Numa forma poema prosado, conto-poema ou outro molde a intitular um eixo pouco específico, Lua Nê atriz, musicista, professora e escritora latinoamericana, pauta sua poética no quotidiano afetivo, como mulher, lésbica, amarela e no lugar da palavra do lúdico ao biográfico. Tem seu primeiro conto publicado em 2021 (Editora Unesp) e sua primeira obra “O arroz é o maior lugar da casa” em 2022 (Editora Multifoco).

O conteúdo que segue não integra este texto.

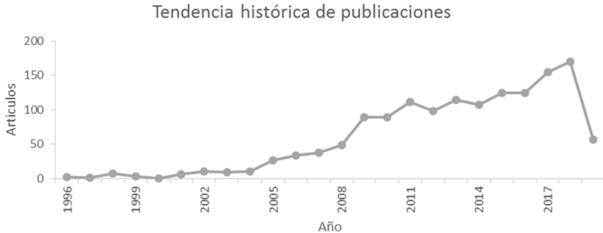
Figura 1. Tendencia histórica de las publicaciones en la temática

Omar Rosario (São José do Rio Preto, São Paulo, 1985). Artista visual, ilustrador e artista multimídia. Graduado pela Universidade Belas Artes de São Paulo em 2007, começou sua carreira artística como designer de moda onde se apaixonou por ilustração e pintura. Artista autodidata, dedicou-se integralmente às artes visuais em 2016 e desde então vem realizando trabalhos com pintura – onde experimenta suportes e técnicas – e  também trabalhos com fotografia e vídeo. O artista já participou de salões de artes visuais, mostras de arte e pequenas exposições. Em 2019 fundou a Editora Invisível, uma editora independente de livros ilustrados que aborda assuntos da contemporaneidade. Em sua produção são frequentes as referências políticas e sociais da atualidade.